You built agents (M9), orchestrated them (M18), and built them in eight frameworks (M19). One question decides whether any of that is safe to ship: how do you KNOW it works? An agent that takes its own steps can quietly call the wrong tool, loop forever, or give a confident wrong answer. Today you build the two tools that make agents shippable: observability (see every step it took) and evaluation (score whether each step was right), and you watch your evals catch a bug the moment it is introduced.

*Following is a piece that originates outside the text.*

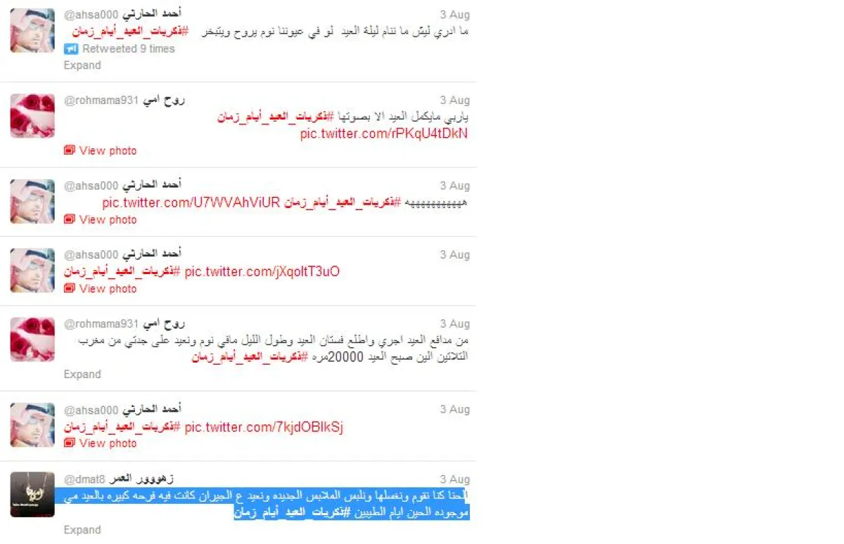 وكان لذكريان الماضي نصيبًا من تغريدات السعوديُّون في هاشتاغ ذكريات العيد أيام زمان، ومقارنتها بالحاضر الذي رأوه أقلّ بهجة، حيث كتب امل وطني @ : " ذكريات_العيد_أيام_زمان كنا بعد صلاة العيد بالشَّارع أنا وأخواتي والي يسلم من الرجال يعطينا عيديه أما الحين كويس إذا حدا يسال عنك ويعايدك"، وغرَّدت روح امي @: "من مدافع العيد اجري واطلع فستان العيد وطول الليل ما في نوم ونعيد على جدتي من مغرب التلاتين الين صبح العيد 20000 مره ذكريات_العيد_أيام_زمان"، وكتب حمد الحارثي @ : "ما ادري ليش ما ننام ليلة العيد لو في عيوننا نوم يروح ويتبخر"، وغرَّدت زهووور العمر @: "حنا كنا نقوم ونغسل ونلبس الملابس الجديدة ونعيد ع الجيران كانت فيه فرحه كبيره بالعيد مي موجودة الحين أيام الطيبين ذكريات_العيد_أيام_زمان ".

Today's win: a tracer that shows every model call and tool call your agent made, plus an eval scorecard that turns red the instant the agent regresses.

Today you will

  • Add observability: record every step (model calls, tool calls, tokens, timing, errors) as a trace
  • Read a trace to debug an agent that misbehaves, instead of guessing
  • Write an evaluation harness: test cases plus scorers that check the answer AND the trace
  • Catch a regression: break the agent on purpose and watch the scorecard fail
  • Know the production tools (LangSmith, Langfuse, Arize Phoenix, OpenTelemetry) and what they record

Run of show (about 60 minutes)

Time What we do
0:00 Hook: you cannot ship what you cannot see or measure
0:05 The one idea: observability tells you WHAT happened, evaluation tells you if it was RIGHT (read notes.md)
0:12 Lab Part A: instrument the agent and read its trace
0:30 Lab Part B: write an eval suite, then break the agent and catch the regression
0:52 Show: post a trace and a scorecard (one green, one red)
1:00 Wrap

If you get stuck

  • Builds on M9 (the agent loop), M19 (the multiply agent we reuse), and M10 (evaluation ideas). Reuse your .env key only for live runs; the tracer and the rule-based evals run with a mock and cost nothing.
  • The whole toolkit is plain Python, no new libraries to install. Nothing here can harm your computer.
  • If a trace looks wrong, that is the point: the trace is how you find the bug. Re-read the You should now see line under each step.

Optional challenge

Add a loop detector scorer: fail any run where the same tool is called more than three times in one trace (a classic runaway-agent smell). Then write a test case that triggers it. Catching loops before they cost real money is exactly what observability plus evaluation is for.